The records:
---------------
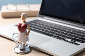 A woman in a white t shirt is holding up a stethoscope in front of a laptop, health and medical stock image
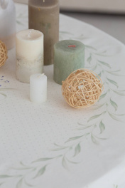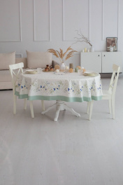 Все скатерти коллекции «ВАСИЛЬКИ» имеют специальную пропитку (влаго-, масло- и грязеотталкивающую обработку). Принт на ткани нанесен методом цифровой печати с использованием высококачественных красителей, благодаря чему изделия не линяют и не меняют свой цвет после многократных стирок. Рисунок по ткани виден только на лицевой стороне. Скатерть коллекции «ВАСИЛЬКИ» размером 140х170см овальная. Край скатерти обметан и подложен. Скатерть 140х170см овальная подходит для овального стола шириной 70…80…90…100см и длиной 100...110...120...130см. Скатерть с принтом в виде васильков, мятной каймой и венком в центре скатерти. Упаковка товара: Полипропиленовый пакет
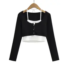 コントラストカラーのホルターネック長袖-ブラック-モデルスタイル
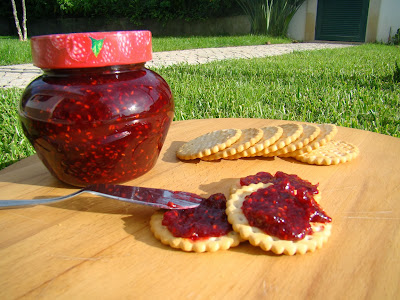 Tal como prometido na receita anteriormente publicada, trago-vos a receita do Doce de Framboesa que fiz nas férias. Como nunca tinha feito um doce diferente do de tomate, resolvi ir à procura na blogosfera algumas dicas que me pudessem ajudar nesta aventura sem ajuda da mãe.
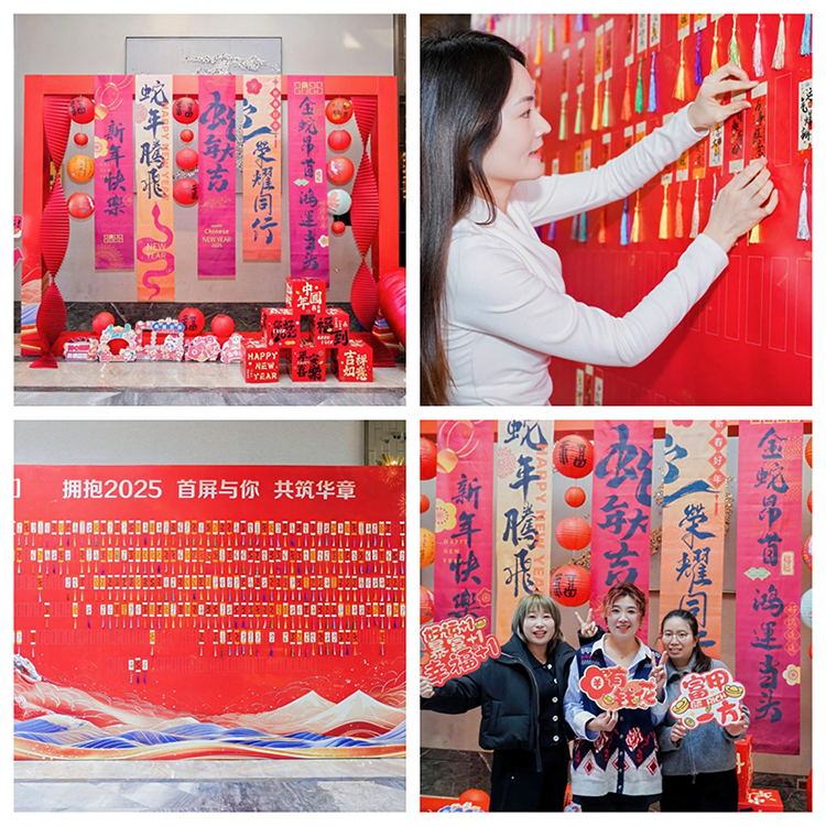 “平安喜樂”、“多財(cái)多億”、“諸事皆宜”等各色國(guó)風(fēng)箋條掛滿簽到墻,大家紛紛寫上祝福語(yǔ),祈愿新年都有好運(yùn)勢(shì)。另一邊,精致的新年打卡區(qū)吸引了伙伴們的目光,擺起Pose來(lái)上新年第一拍。
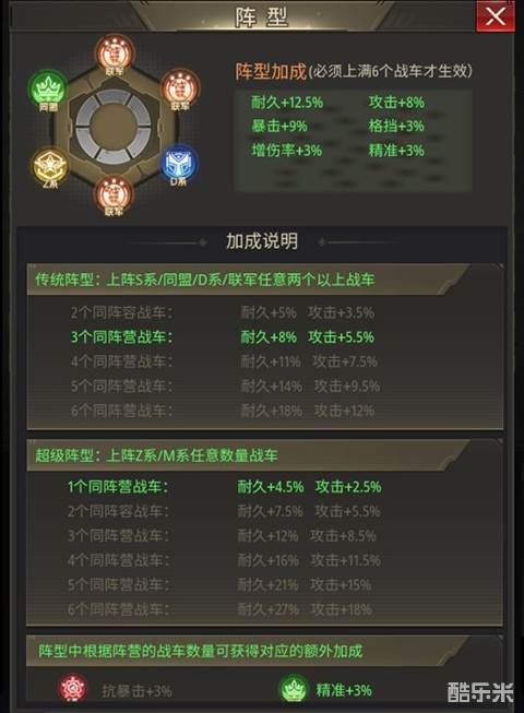 4、阵营之间还有羁绊加成,玩家可以通过上阵坦克激活阵营羁绊,增加更多属性加成。
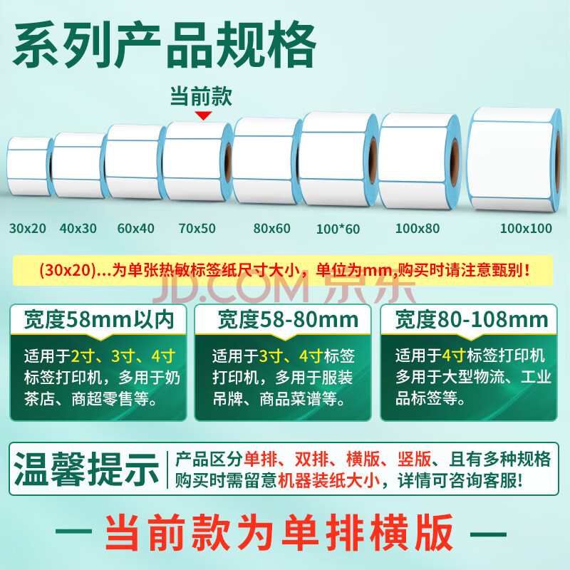 商品相册:天章 (TANGO)70x50mm 500张*12卷 新绿天章三防热敏标签纸食品服饰不干胶打印纸条码纸 可定制第
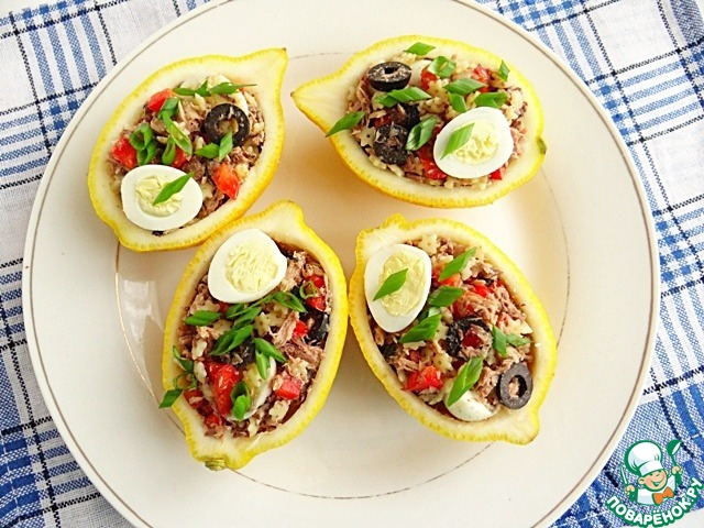 Ингредиенты для «Рыбный салат в лимонных чашках»:
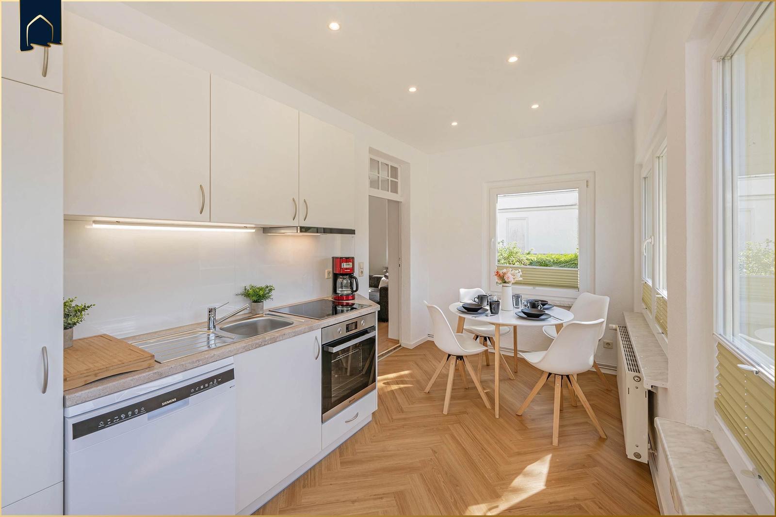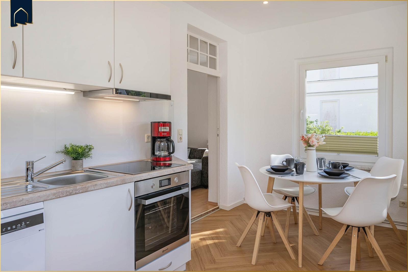 In dieser charmanten Ferienwohnung erwartet der Gast eine harmonische Kombination aus Komfort und Funktionalität. Die offene Küche ist bestens ausgestattet mit einem Geschirrspüler, Elektro-/Gasherd, Backofen, Kühlschrank, Kaffeemaschine, Toaster und Gefriermöglichkeiten, was das Zubereiten von Mahlzeiten zum Vergnügen macht. Im gemütlichen Schlafzimmer finden sich ein komfortables Doppelbett und ausreichend Stauraum in einem Schrank. Das Duschbad, ausgestattet mit einem Fenster und einem Haartrockner, sorgt für eine erfrischende Atmosphäre. Ein Kamin oder Kachelofen schafft an kühlen Abenden eine wohlige Wärme. Die Wohnung ist allergikergeeignet und bietet einen Fernseher für entspannende Stunden sowie einen Esstisch für gesellige Abende. Für zusätzlichen Komfort stehen ein Parkplatz, WLAN-Internet und diverse Haushaltsutensilien wie Geschirrtücher und ein Wäscheständer zur Verfügung. Ein sonniger Außenbereich mit Sonnenschirm lädt zum Verweilen ein.
---------------
The problem: Give back the material above exactly, without pictures.

Response:
 A woman in a white t shirt is holding up a stethoscope in front of a laptop, health and medical stock image
 Все скатерти коллекции «ВАСИЛЬКИ» имеют специальную пропитку (влаго-, масло- и грязеотталкивающую обработку). Принт на ткани нанесен методом цифровой печати с использованием высококачественных красителей, благодаря чему изделия не линяют и не меняют свой цвет после многократных стирок. Рисунок по ткани виден только на лицевой стороне. Скатерть коллекции «ВАСИЛЬКИ» размером 140х170см овальная. Край скатерти обметан и подложен. Скатерть 140х170см овальная подходит для овального стола шириной 70…80…90…100см и длиной 100...110...120...130см. Скатерть с принтом в виде васильков, мятной каймой и венком в центре скатерти. Упаковка товара: Полипропиленовый пакет
 コントラストカラーのホルターネック長袖-ブラック-モデルスタイル
 Tal como prometido na receita anteriormente publicada, trago-vos a receita do Doce de Framboesa que fiz nas férias. Como nunca tinha feito um doce diferente do de tomate, resolvi ir à procura na blogosfera algumas dicas que me pudessem ajudar nesta aventura sem ajuda da mãe.
 “平安喜樂”、“多財(cái)多億”、“諸事皆宜”等各色國(guó)風(fēng)箋條掛滿簽到墻,大家紛紛寫上祝福語(yǔ),祈愿新年都有好運(yùn)勢(shì)。另一邊,精致的新年打卡區(qū)吸引了伙伴們的目光,擺起Pose來(lái)上新年第一拍。
 4、阵营之间还有羁绊加成,玩家可以通过上阵坦克激活阵营羁绊,增加更多属性加成。
 商品相册:天章 (TANGO)70x50mm 500张*12卷 新绿天章三防热敏标签纸食品服饰不干胶打印纸条码纸 可定制第
 Ингредиенты для «Рыбный салат в лимонных чашках»:
 In dieser charmanten Ferienwohnung erwartet der Gast eine harmonische Kombination aus Komfort und Funktionalität. Die offene Küche ist bestens ausgestattet mit einem Geschirrspüler, Elektro-/Gasherd, Backofen, Kühlschrank, Kaffeemaschine, Toaster und Gefriermöglichkeiten, was das Zubereiten von Mahlzeiten zum Vergnügen macht. Im gemütlichen Schlafzimmer finden sich ein komfortables Doppelbett und ausreichend Stauraum in einem Schrank. Das Duschbad, ausgestattet mit einem Fenster und einem Haartrockner, sorgt für eine erfrischende Atmosphäre. Ein Kamin oder Kachelofen schafft an kühlen Abenden eine wohlige Wärme. Die Wohnung ist allergikergeeignet und bietet einen Fernseher für entspannende Stunden sowie einen Esstisch für gesellige Abende. Für zusätzlichen Komfort stehen ein Parkplatz, WLAN-Internet und diverse Haushaltsutensilien wie Geschirrtücher und ein Wäscheständer zur Verfügung. Ein sonniger Außenbereich mit Sonnenschirm lädt zum Verweilen ein.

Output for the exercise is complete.